Randy Kroszner : "Un resserrement plus accommodant était ce qui était attendu. La Fed va donc continuer de relever ses taux mais pourrait faire une pause l'année prochaine et devrait procéder à moins de hausses de taux que cette année. Les "dot plots" suggèrent deux hausses de taux mais il s'agit d'une médiane des projections des membres du FOMC, pas d'un consensus.

"Tout dépendra de la manière dont l'économie évolue. Cette année, ils avaient annoncé quatre hausses de taux et il y en a eu quatre mais les années précédentes, il y en avait eu moins que prévu. Ils craignent que des facteurs extérieurs ne viennent ralentir la croissance mais ils continuent à dire que l'économie américaine est robuste. Ils ne sont pas sur une voie tracée à l'avance. Entre zéro et deux hausses de taux en 2019, c'est probablement la bonne fourchette, mais je crois que personne au sein du FOMC ne sait quel est le bon scénario.

"Ils seront plus flexibles qu'ils l'ont été parce qu'ils sont près du niveau qu'ils considèrent comme neutre, c'est-à-dire ne stimulant ni ne freinant l'économie. Ils ne savent pas exactement où se situe ce taux neutre, probablement autour de 2,75%, et à ce stade, il est naturel de prendre du recul et de voir ce qu'il convient de faire, autrement dit de faire une pause.
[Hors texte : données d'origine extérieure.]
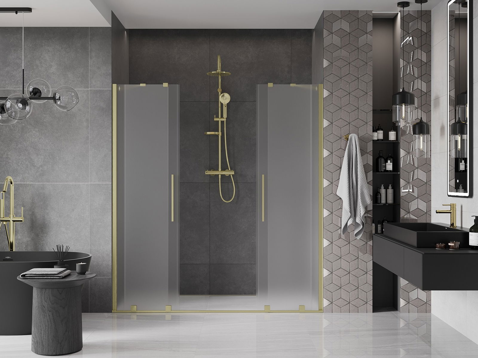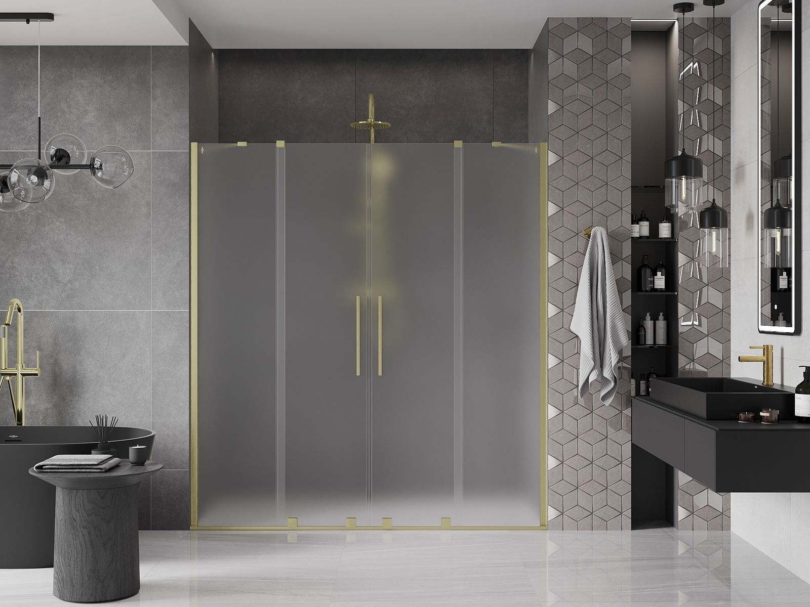 Mexen Velar Duo posuvné sprchové dveře 180 cm, námrazové, zlaté kartáčované - 871-180-000-32-55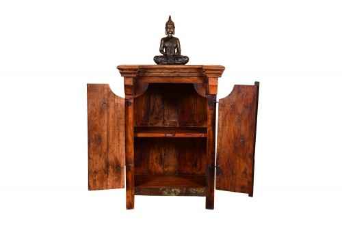 Churl design two door small almirah made by old  wood with iron and antique finish.This is two door small almirah and it’s inner section are divided in two parts middle shelf.This is very beautiful antique design to buy.You can buy Solid wood furniture online from O my furniture.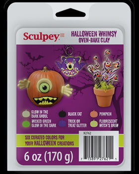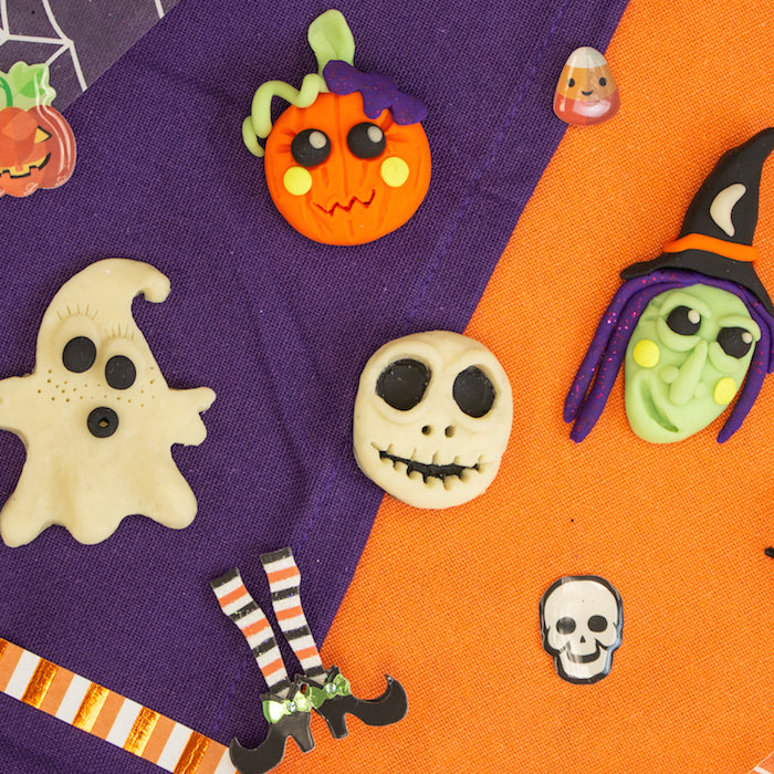 Halloween is one of my favorite holidays and as Lily gets older I am so excited for her to enjoy dressing up and trick or treating but I would be lying if I said that walking in the street at night doesn't give me heart palpitations. Safety is one of my biggest concerns so I started thinking about how I could add a little extra safety to kids Halloween costumes and I immediately thought of my favorite oven-bake clay, Sculpey! They just released a brand new Halloween pack that includes glow-in-the-dark! Check out how easy it is to make your very own not-so-spooky fun Halloween pins. They are so easy to pop on the kiddos right before trick or treat. I even clipped one on Lily's bow!
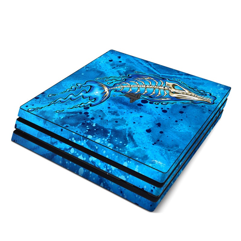 iStyles PlayStation 4 Pro Skin design of Blue, Water, Aqua, Electric blue, Illustration, Graphic design, Liquid, Graphics, Marine biology, Art, with blue, white colors, and tagged with skulls, animals.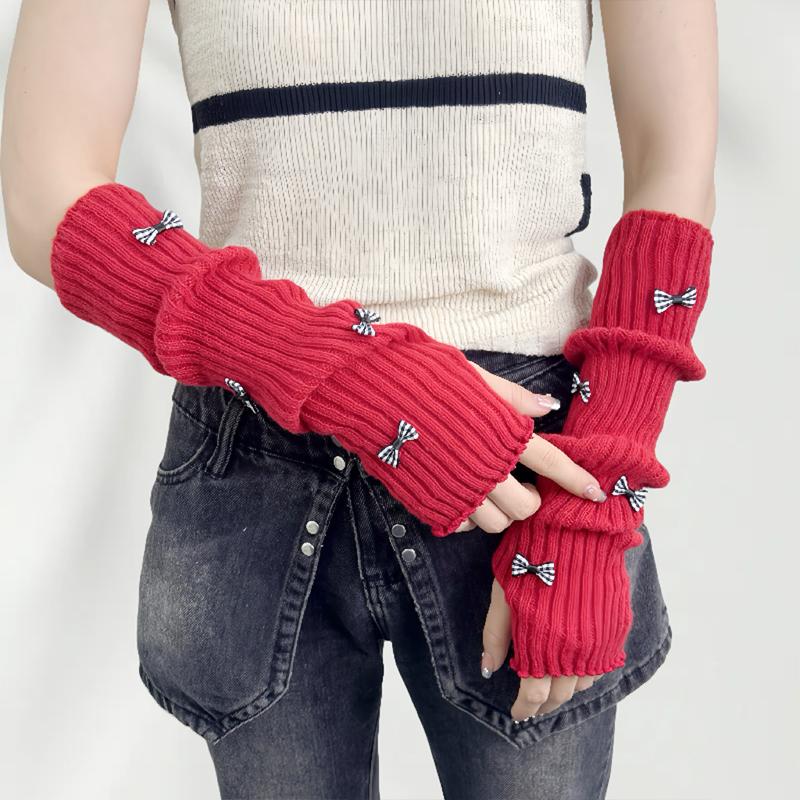 Sweet Cute Fur Bowknot Fingerless Gloves Girl Cosplay Sleeves Arm Sleeves Wool Knitted Sleeves

"L'inflation, c'est la question à 64.000 dollars, comme dans un jeu télévisé célèbre. La dynamique traditionnelle des salaires et des prix n'a pas été respectée ces derniers temps, avec peu de pressions inflationnistes en dépit d'une croissance soutenue. Quand Jerome Powell dit qu'il va surveiller les indicateurs, cela veut dire qu'il va être notamment attentif à tout signe d'une hausse des prix, que l'on ne voit pas venir pour l'instant."

2 / La Fed vient-elle de prouver qu'elle sait résister à Donald Trump, qui affirme que les hausses de taux peuvent nuire à la santé de l'économie américaine ?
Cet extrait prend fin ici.